Her portrait took front stage not only at the luncheon, but at a morning Mass at STU's Chapel of St. Anthony. Abodoe-Herrera, one of the Gillen-Massey honorees, served at the altar. The celebrant was Father Paul VI Karenga of Burkina Faso, who wrote a 2022 book on human trafficking in his native West Africa.

“Jesus taught us that we are all children of God, and no one can own us,” Father Karenga said. “He came to save us from physical and spiritual and mental slavery.”

Daniela Curiel, who proclaimed a reading at the Mass and prayed the invocation at the luncheon, said an annual day is important to keep the issue alive.

“The more we pray, the sooner they’ll be free,” Curiel said.

Her friend and fellow STU law student Lauren Azurin agreed.
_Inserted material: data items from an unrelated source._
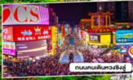
ถนนคนเดินหวงซิงอู่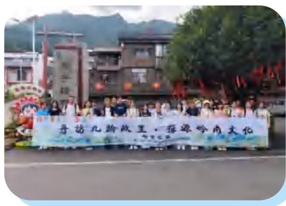
考察瑶族雕子堂村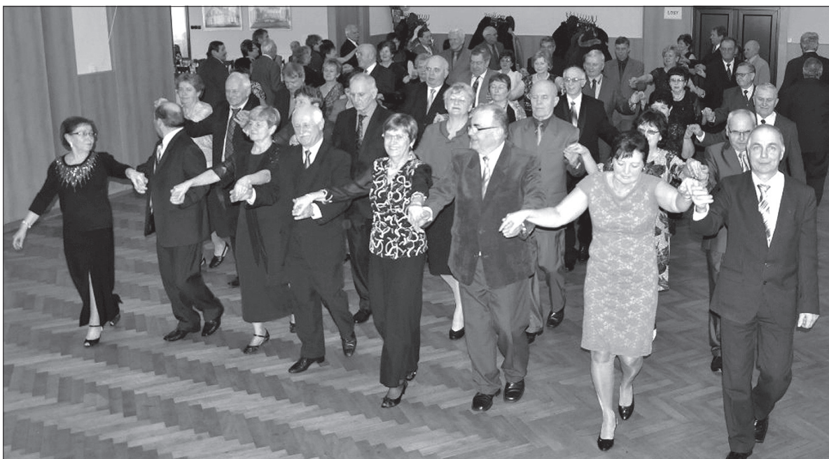
Bal wędryńskich seniorów był tradycyjnie udany.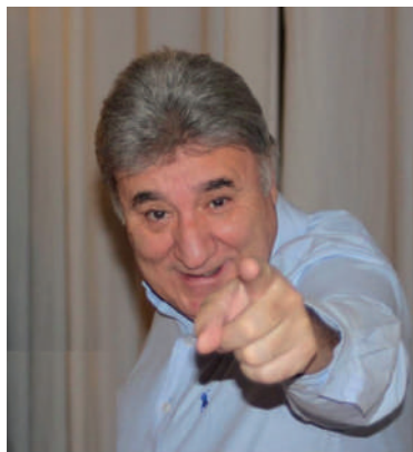
TONY ANTONIO EL HUMOR DE HOY AYER Y DE SIEMPRE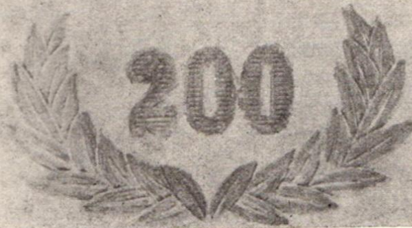
A Sümegi Kisfaludy Sándor Emlékbizottság ünnepi meghívó-programja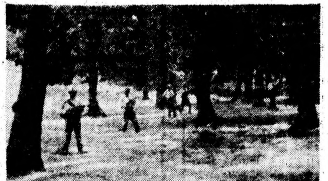
Cercetare intr-o zona impadurita.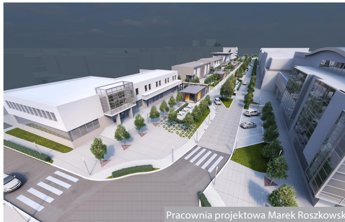
Pracownia projektowa Marek Roszkowski

Prace nad nowym planem były długie i złożone. Po uzyskaniu niezbędnych opinii i uzgodnień z projektem aktywnie zapoznawali się stargardzianie. Odbyła się szeroka, otwarta dyskusja publiczna, dzięki której mieszkańcy mieli możliwość przedstawienia swoich propozycji zmian. Wizualizacje odmienionej ul. S. Wyszyńskiego pochodzą ze zwycięskiej pracy w konkursie na opracowanie koncepcji urbanistyczno-architektonicznej dla tego obszaru.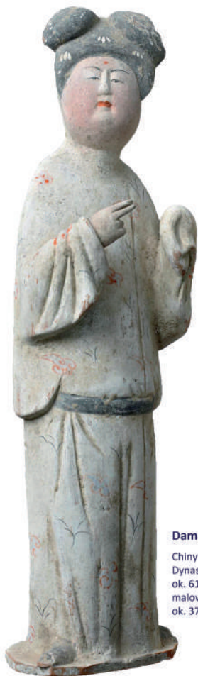
Dama dworu i szlachcic

Chiny Dynastia Tang ok. 618–907 r. n.e. malowana terakota ok. 37 cm

St. Thomas University law students Lauren Azurin, left, and Daniela Curiel took part in a Mass and prayer against slavery and human trafficking, held Feb. 8, 2023 at the university.

Photographer: JIM DAVIS | FC

St. Thomas University law students Lauren Azurin, left, and Daniela Curiel took part in a Mass and prayer against slavery and human trafficking, held Feb. 8, 2023 at the university.

“The more involved I get with law and policies, the more I realize the need for faith and integrity,” he said. “The challenges are brutal and complex.”

Also honored at the Feb. 8 luncheon were two law students, Yemi Beth Zamoral and Omar Cruz Martinez, who wrote essays on human trafficking. The contest was for master’s degree candidates in the Intercultural Human Rights Program at STU.

Even the tote bags, gifts for the honorees and VIP guests, supported the day’s theme. The cotton bags were made in India by survivors of human trafficking, to earn a living as free women. The manufacturer says the workers are not only paid but receive health care, day care, and training in literacy and budgeting.

Johnnie Mae Hawkins, for one, said she was leaving the luncheon encouraged. She's with Women United for Women, an advocacy group in Fort Myers.

“This put a fire under me,” Hawkins said. “It makes me push forward that much harder.”

Despite the somber, sometimes horrific facts of the war on trafficking, Roza Pati said she chose to emphasize the positive during the event.

“We celebrate all those who do not just curse the darkness but light a candle,” she said. “And we invoke God’s blessings onto the fruit of their work.”

But she also used the luncheon to announce her institute’s next big event: a conference in the last week of July, zeroing in on the link between human trafficking and foster care.

Attendees watch the documentary "Trapped" during the annual Gillen-Massey award luncheon at St. Thomas University on Feb. 8, 2023.

Photographer: JIM DAVIS | FC

Attendees watch the documentary "Trapped" during the annual Gillen-Massey award luncheon at St. Thomas University on Feb. 8, 2023.